SOULMISSMATE
Written by Jaenimpark
Cast : Park Jimin,
Choi Haneul(OC)
Support Cast : Suga,
Min Yoon Hee
Genre : Comedy
Romance, School Life
Length : Chapter
Rating : PG-15
Notes : This
fanfiction is truly mine. This fanfiction is one of my friend’s request
project.
NO PLAGIARISM! DONT LIKE? DONT READ!
NO PLAGIARISM! DONT LIKE? DONT READ!
-
-
-
“Sudah kubilang ini bukan tentang Soulmissmate atau apalah itu. Tapi
ini tentang kita. Cobalah untuk mendengarkan aku sesekali”
-
-
-
-
Seoul pagi itu masih
terlihat seperti biasa. Jalanan yang sudah dipenuhi oleh kendaraan berbagai
jenis. Sungai han yang tak diusik sampah seserpihpun. Bunga-bunga yang
bermekaran dengan bekas embun yang masih menghinggapi beberapa dedaunan.

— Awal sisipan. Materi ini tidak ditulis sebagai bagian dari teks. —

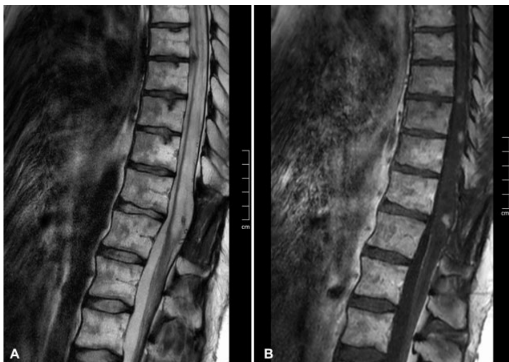
Fig. 4 Magnetic resonance imaging scans of the thoracic spine 60 months after radiotherapy. T2-weighted (A) and contrast-enhanced T1-weighted (B) images show partial collapse of the thoracic portion of the syrinx and stable-sized contrast enhancing lesions after radiotherapy.

important for the treatment of surgically not amenable lesions in both cranial and spinal locations. 8-22

Semuanya sudah tampak memulai
aktifitasnya secara
normal. Normal. Biasa. Dan membosankan. Setidaknya begitulah yang dirasakan
seorang namja berambut coklat gelap yang kini tengah menyusuri gang panjang yang
berlawanan arah dengan jalan menuju rumahnya itu. Seragamnya tampak tak
terpasang rapi. Padahal masih terlalu pagi untuk terburu-buru. Langkahnyapun
tak terlihat seperti mengejar sesuatu. Tapi kenapa ia tak merapikan seragamnya
terlebih dahulu? Atau mungkin memasang dasinya? Bukankah masih banyak waktu
untuk itu? Ia terus menunduk tak memperdulikan sekelilingnya. Menunduk
memperhatikan langkahnya, tak berminat untuk memperhatikan hal lain. Bahkan tak
memperdulikan dahan yang hampir saja mengenai puncak kepalanya.
TUK
Ia tiba-tiba menghentikan
langkahnya. Merasa harus marah pada sesuatu yang baru saja menimpa kepalanya.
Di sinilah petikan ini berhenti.